Your task
For the data below, transcribe the part that opens with the line containing "今回、見学・販売会を開催する" and closes with the line containing "2. Добавить желтки", exactly and with no pictures.

Data excerpts
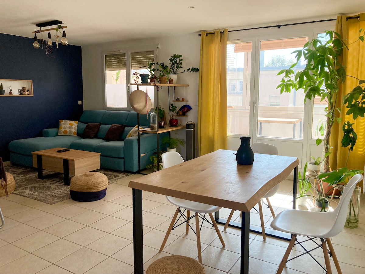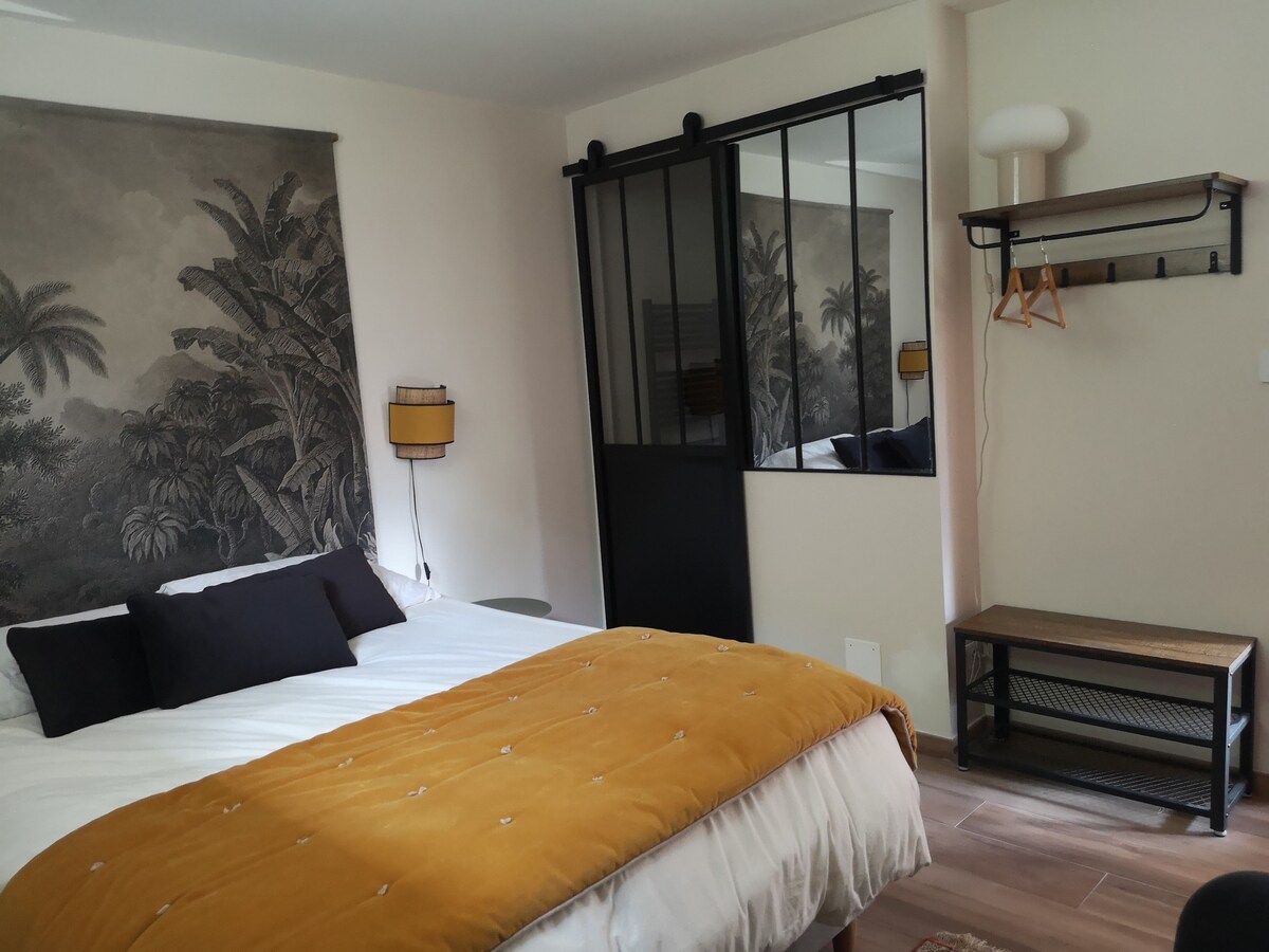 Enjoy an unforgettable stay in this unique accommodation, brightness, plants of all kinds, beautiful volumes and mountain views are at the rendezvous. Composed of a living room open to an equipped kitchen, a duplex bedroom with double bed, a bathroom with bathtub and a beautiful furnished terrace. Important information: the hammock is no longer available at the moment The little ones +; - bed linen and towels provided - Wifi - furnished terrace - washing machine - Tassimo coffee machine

==

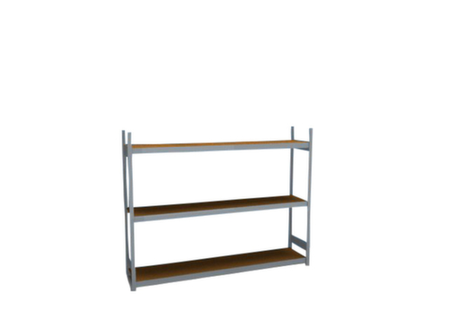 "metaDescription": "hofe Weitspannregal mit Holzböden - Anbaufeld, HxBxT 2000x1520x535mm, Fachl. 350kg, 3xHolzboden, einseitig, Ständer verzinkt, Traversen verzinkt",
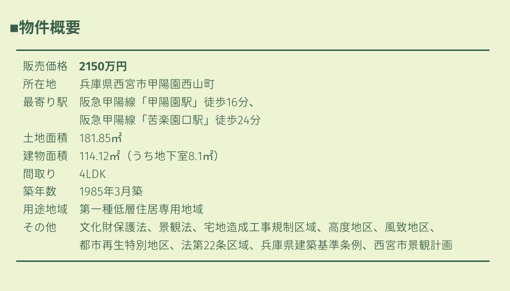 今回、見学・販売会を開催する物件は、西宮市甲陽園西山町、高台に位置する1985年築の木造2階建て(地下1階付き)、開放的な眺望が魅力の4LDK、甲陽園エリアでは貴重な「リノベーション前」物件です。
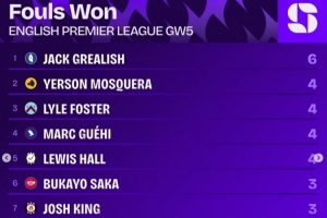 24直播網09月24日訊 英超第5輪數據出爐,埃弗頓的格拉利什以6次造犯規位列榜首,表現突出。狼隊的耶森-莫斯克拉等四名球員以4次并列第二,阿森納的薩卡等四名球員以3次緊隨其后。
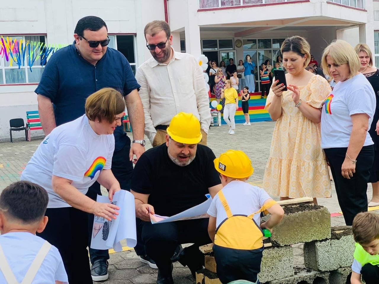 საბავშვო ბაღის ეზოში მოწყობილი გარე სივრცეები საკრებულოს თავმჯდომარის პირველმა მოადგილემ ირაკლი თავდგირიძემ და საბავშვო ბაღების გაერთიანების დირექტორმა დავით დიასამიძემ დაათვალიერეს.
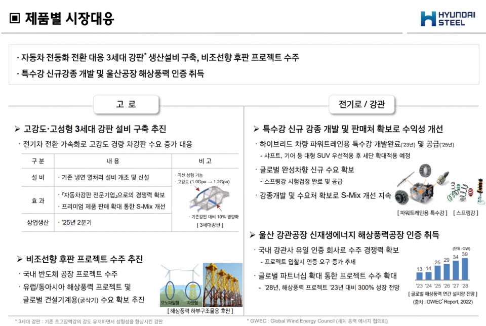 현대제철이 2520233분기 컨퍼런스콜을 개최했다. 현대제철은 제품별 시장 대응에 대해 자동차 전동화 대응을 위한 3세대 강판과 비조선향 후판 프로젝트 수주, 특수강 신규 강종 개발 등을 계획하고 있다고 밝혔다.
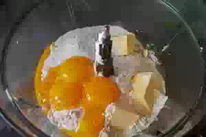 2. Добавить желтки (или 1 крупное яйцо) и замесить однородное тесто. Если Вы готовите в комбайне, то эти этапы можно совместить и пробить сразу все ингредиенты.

Answer for the task
 今回、見学・販売会を開催する物件は、西宮市甲陽園西山町、高台に位置する1985年築の木造2階建て(地下1階付き)、開放的な眺望が魅力の4LDK、甲陽園エリアでは貴重な「リノベーション前」物件です。
 24直播網09月24日訊 英超第5輪數據出爐,埃弗頓的格拉利什以6次造犯規位列榜首,表現突出。狼隊的耶森-莫斯克拉等四名球員以4次并列第二,阿森納的薩卡等四名球員以3次緊隨其后。
 საბავშვო ბაღის ეზოში მოწყობილი გარე სივრცეები საკრებულოს თავმჯდომარის პირველმა მოადგილემ ირაკლი თავდგირიძემ და საბავშვო ბაღების გაერთიანების დირექტორმა დავით დიასამიძემ დაათვალიერეს.
 현대제철이 2520233분기 컨퍼런스콜을 개최했다. 현대제철은 제품별 시장 대응에 대해 자동차 전동화 대응을 위한 3세대 강판과 비조선향 후판 프로젝트 수주, 특수강 신규 강종 개발 등을 계획하고 있다고 밝혔다.
 2. Добавить желтки (или 1 крупное яйцо) и замесить однородное тесто. Если Вы готовите в комбайне, то эти этапы можно совместить и пробить сразу все ингредиенты.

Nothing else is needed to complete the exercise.